Chance nods. "Believe me, I'll do whatever I can. Maybe I can use some of the Claybourne fortune for good. I'd be the first," he adds. It's meant as a joke, but instead comes out as a bitter and self-loathing.

Hi is silent for a moment. "You know," he says finally, "I don't think this is a bad thing."

Chance frowns. "I'm sure you're the only one who shares that sentiment."

"I don't mind change," Hi says, and it's the truth. "Well, I do, like if suddenly I woke up in an alien spaceship and they told me that I was a test subject all along and that my entire life was a lie, I'd mind it then."

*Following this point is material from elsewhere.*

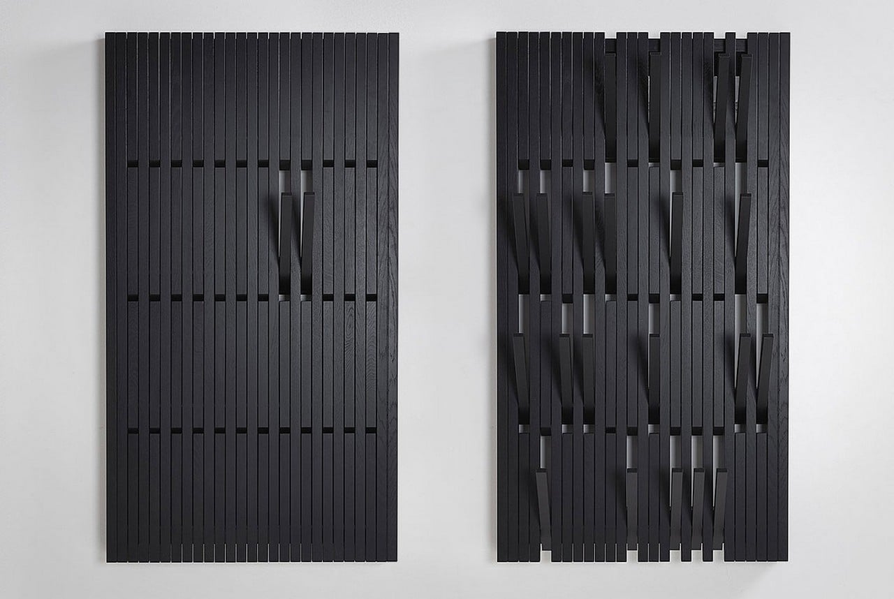 The Piano Coat Rack has four height levels for the hooks and comes in two widths. The smaller rack has a 20 hook option and the wider rack has 48 hook positions, each providing the option to be ‘played’ with like piano keys to customize their placement on the panel. The coat rack also offers four color options to fit your decor. As well as a simple black or white rack, there is also the choice of oak or walnut wood finish.

"But you adapt well," Chance guesses.

Hi nods. "I guess. Better than others, maybe. When I first moved here I thought I was gonna be the only teenager at Loggerhead and that it was gonna be boring and I would hate it. Turns out, there's two other guys that I can hang around and be a doofus with. Plus, the scenery is beautiful." Hi shrugs. "Point is, I ended up loving it. It's a hassle to get to the synagogue on time, and we have to catch a freaking boat just to get to school, and there are wolves everywhere, but I still love it."

"I'm the opposite," Chance replies with a grimace. "If I tell myself I'm going to hate something, I'll end up hating it regardless of whether it's really all that bad. Not the greatest habit to have."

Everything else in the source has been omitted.